● Exercise
Nothing but the lines below, from the first through the line containing "Purple Blue Holographic", should be set down, each one exactly and without pictures.

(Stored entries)
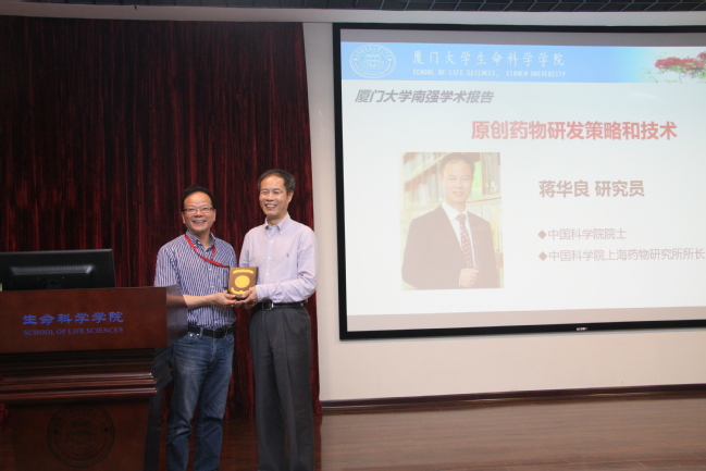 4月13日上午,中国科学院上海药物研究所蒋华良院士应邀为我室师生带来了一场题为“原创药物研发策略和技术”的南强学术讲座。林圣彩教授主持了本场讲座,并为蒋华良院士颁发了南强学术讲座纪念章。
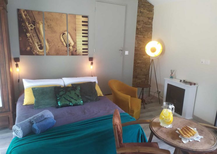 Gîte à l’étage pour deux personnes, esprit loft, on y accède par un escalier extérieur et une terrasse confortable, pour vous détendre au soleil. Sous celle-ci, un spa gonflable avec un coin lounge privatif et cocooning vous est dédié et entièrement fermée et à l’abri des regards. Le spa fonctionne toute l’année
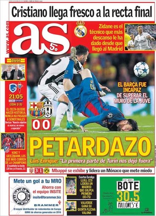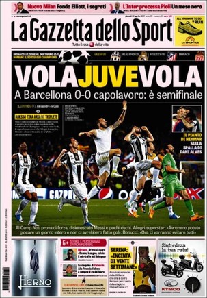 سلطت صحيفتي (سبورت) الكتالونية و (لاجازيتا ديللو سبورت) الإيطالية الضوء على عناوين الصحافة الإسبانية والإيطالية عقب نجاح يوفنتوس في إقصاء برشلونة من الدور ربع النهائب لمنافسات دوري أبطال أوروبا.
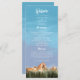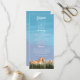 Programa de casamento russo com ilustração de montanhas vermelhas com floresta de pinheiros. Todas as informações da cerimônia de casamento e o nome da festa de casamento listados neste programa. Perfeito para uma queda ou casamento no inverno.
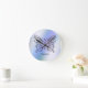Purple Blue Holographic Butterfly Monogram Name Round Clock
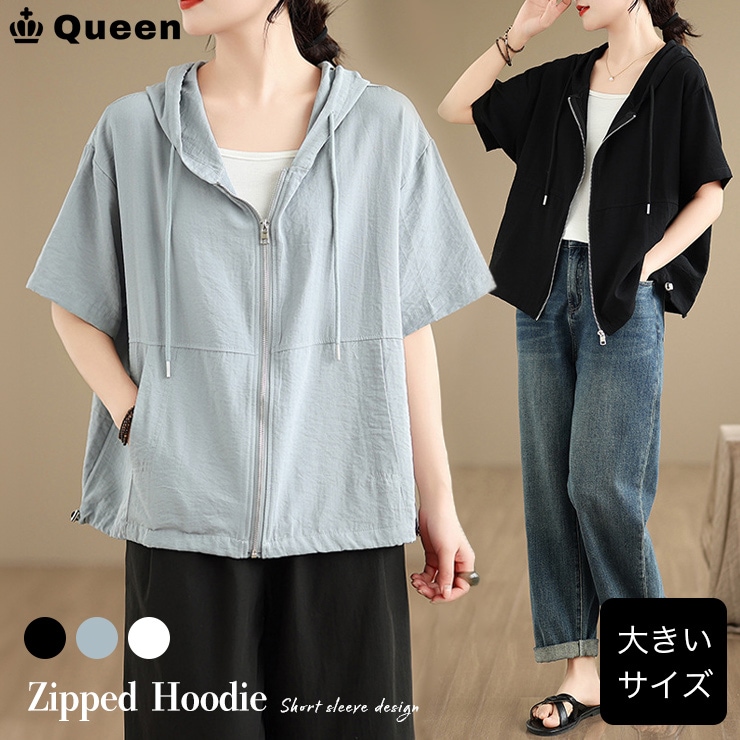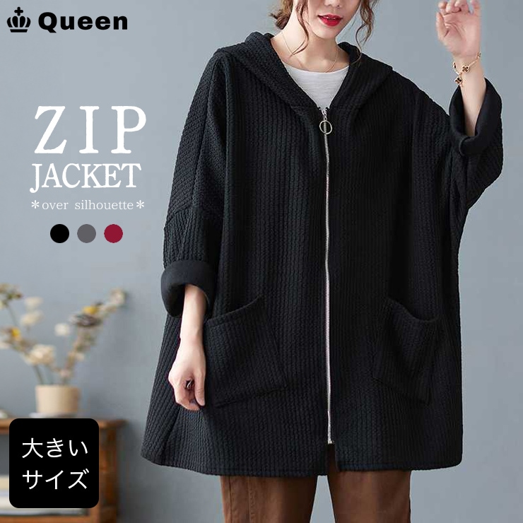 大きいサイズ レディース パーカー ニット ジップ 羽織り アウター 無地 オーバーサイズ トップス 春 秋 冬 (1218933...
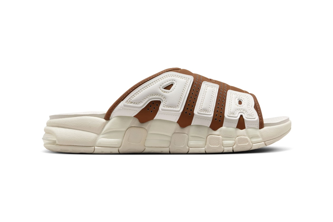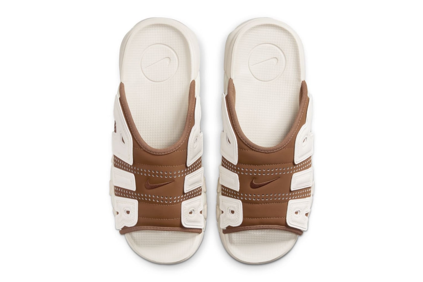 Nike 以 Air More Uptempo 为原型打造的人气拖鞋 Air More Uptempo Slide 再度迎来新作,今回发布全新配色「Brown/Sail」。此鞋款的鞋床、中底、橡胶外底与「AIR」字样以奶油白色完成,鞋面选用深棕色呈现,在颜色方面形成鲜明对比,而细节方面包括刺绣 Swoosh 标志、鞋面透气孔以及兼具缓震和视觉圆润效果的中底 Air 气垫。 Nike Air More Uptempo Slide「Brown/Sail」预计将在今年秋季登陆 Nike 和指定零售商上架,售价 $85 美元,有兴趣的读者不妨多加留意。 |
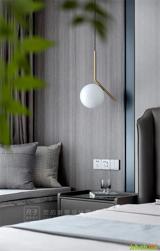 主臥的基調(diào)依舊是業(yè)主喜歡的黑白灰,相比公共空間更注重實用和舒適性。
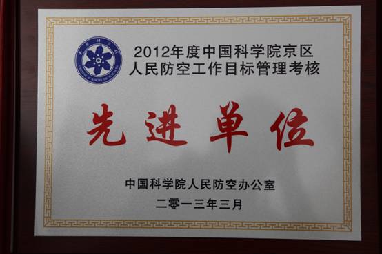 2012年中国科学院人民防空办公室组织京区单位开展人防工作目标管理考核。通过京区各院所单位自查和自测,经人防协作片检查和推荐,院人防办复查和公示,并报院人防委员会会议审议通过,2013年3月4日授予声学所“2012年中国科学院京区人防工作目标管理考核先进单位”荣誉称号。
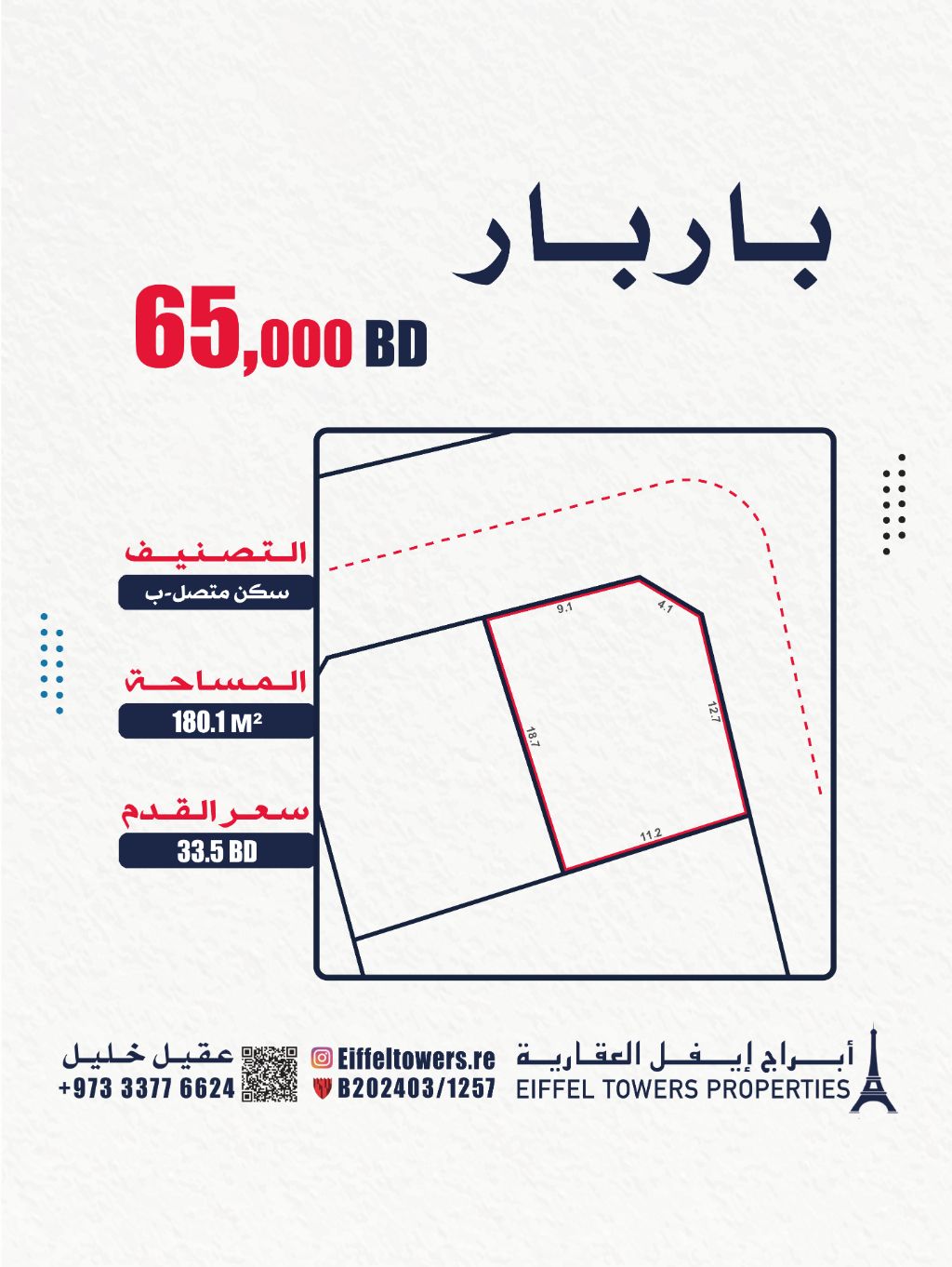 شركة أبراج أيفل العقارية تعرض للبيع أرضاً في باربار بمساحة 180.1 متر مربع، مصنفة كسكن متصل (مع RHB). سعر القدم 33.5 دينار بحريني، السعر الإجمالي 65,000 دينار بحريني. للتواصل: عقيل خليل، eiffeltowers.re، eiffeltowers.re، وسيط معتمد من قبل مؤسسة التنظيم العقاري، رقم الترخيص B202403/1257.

● Result
 4月13日上午,中国科学院上海药物研究所蒋华良院士应邀为我室师生带来了一场题为“原创药物研发策略和技术”的南强学术讲座。林圣彩教授主持了本场讲座,并为蒋华良院士颁发了南强学术讲座纪念章。
 Gîte à l’étage pour deux personnes, esprit loft, on y accède par un escalier extérieur et une terrasse confortable, pour vous détendre au soleil. Sous celle-ci, un spa gonflable avec un coin lounge privatif et cocooning vous est dédié et entièrement fermée et à l’abri des regards. Le spa fonctionne toute l’année
 سلطت صحيفتي (سبورت) الكتالونية و (لاجازيتا ديللو سبورت) الإيطالية الضوء على عناوين الصحافة الإسبانية والإيطالية عقب نجاح يوفنتوس في إقصاء برشلونة من الدور ربع النهائب لمنافسات دوري أبطال أوروبا.
 Programa de casamento russo com ilustração de montanhas vermelhas com floresta de pinheiros. Todas as informações da cerimônia de casamento e o nome da festa de casamento listados neste programa. Perfeito para uma queda ou casamento no inverno.
Purple Blue Holographic Butterfly Monogram Name Round Clock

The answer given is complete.